# Ops playbook

## Default thresholds

Start with these defaults and keep them configurable:

- CPU high: `cpu_pct > 85` for five consecutive one-minute samples
- Memory high: `memory_pct > 85` for five consecutive one-minute samples
- Disk low: `disk_free_ratio < 0.10`
- Server error burst: `500`, `502`, or `504` count above `20` in one minute
- Suspicious IP: one IP above `200` requests per minute
- 404 scan burst: sudden 404 spike against many distinct routes in a short window
- Performance degradation: average response time above `2000 ms` over the alert window

## Alert flow

1. Detect the threshold breach.
2. Enrich it with:
   - time window
   - affected site or route
   - top IPs or URIs
   - recent error fingerprints
   - operator caveats
3. De-duplicate repeated alerts with a cooldown.
4. Send the webhook payload.
5. Record the alert as an `action_event` even when the webhook fails.

## Webhook payload shape

Keep the outgoing alert compact and readable:

```json
{
  "title": "Server-Mate alert",
  "severity": "critical",
  "kind": "server_error_burst",
  "host_id": "web-01",
  "site": "example.com",
  "summary": "502 errors crossed the threshold in the last minute.",
  "details": {
    "count": 37,
    "top_uri": "/api/pay",
    "top_ip": "203.0.113.8"
  },
  "suggested_next_step": "Check php-fpm health and upstream socket availability."
}
```

## AI diagnosis packaging

When translating an unfamiliar stack trace or error burst for the operator, send:

- the normalized category or fingerprint
- the compact message
- the top few neighboring raw lines
- the affected route, site, or upstream
- the current alert context

Ask the model for:

1. a plain-language explanation
2. the most likely root causes
3. the next three checks
4. the safest fix or rollback path
5. a confidence level

## Auto-ban policy

Keep auto-ban disabled or dry-run until the operator explicitly enables it.
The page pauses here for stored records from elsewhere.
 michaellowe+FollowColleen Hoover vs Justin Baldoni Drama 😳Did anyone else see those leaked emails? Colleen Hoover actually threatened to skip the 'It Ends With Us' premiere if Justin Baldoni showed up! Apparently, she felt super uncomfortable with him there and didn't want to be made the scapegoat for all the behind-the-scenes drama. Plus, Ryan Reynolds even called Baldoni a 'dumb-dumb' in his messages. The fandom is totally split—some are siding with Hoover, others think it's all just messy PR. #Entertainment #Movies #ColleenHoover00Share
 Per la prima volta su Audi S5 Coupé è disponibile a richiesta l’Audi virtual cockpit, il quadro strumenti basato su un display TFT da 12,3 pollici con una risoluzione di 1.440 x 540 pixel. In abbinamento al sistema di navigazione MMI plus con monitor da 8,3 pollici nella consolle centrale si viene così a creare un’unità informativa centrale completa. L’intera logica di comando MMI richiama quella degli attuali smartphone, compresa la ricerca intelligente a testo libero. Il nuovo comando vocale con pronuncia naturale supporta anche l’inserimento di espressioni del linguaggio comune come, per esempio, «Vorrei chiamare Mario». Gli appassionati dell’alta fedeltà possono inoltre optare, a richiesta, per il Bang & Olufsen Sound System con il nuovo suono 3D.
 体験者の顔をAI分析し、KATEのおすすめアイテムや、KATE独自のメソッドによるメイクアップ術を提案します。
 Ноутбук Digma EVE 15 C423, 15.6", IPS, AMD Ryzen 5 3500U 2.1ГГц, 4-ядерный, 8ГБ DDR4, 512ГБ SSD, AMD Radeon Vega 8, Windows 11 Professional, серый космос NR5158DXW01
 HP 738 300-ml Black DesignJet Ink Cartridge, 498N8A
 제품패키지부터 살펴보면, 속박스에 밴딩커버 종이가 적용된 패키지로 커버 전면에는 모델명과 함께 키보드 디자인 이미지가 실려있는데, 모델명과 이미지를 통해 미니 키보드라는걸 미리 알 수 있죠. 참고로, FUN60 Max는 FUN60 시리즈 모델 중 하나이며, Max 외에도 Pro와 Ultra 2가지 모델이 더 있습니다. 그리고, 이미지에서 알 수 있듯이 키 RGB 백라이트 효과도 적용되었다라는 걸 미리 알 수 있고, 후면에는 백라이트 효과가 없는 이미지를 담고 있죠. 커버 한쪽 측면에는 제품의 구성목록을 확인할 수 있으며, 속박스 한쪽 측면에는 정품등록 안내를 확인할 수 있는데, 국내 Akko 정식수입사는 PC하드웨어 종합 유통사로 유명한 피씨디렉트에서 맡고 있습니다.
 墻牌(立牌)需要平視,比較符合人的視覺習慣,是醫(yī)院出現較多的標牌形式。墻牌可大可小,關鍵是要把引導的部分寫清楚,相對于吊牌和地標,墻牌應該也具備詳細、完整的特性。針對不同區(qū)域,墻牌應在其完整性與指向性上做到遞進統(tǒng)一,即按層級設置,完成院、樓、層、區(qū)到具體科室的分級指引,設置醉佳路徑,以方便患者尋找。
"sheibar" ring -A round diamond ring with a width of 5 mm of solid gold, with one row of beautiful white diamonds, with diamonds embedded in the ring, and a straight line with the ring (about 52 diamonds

Require all of the following:

- allowlist support for trusted IPs or office ranges
- evidence that the spike is abusive, not a flash crowd
- a cooldown and a per-hour action cap
- a TTL such as 24 hours
- an audit record with the exact ban or unban command

Good auto-ban candidates:

- repeated request-rate breaches from one IP
- scanner-like user-agents plus 404 spray patterns
- brute-force style hits against admin routes

## Auto-heal policy

Keep self-heal more conservative than alerting.

Require all of the following:

- repeated `502` or upstream-failure evidence
- a failing health check or equivalent secondary signal
- one restart attempt per service per cooldown window
- post-action verification
- an escalation path when the restart does not help

Prefer a sequence like:

1. Alert
2. Dry-run recommendation
3. One guarded restart of the proven failing service
4. Re-check error rate and health
5. Escalate instead of looping

## Reporting windows

- Daily report: previous calendar day
- Weekly report: current or previous ISO week, but keep the choice explicit
- Monthly report: calendar month plus a growth or peak comparison

For each report, surface only the top issues and the trend delta. Avoid dumping every counter.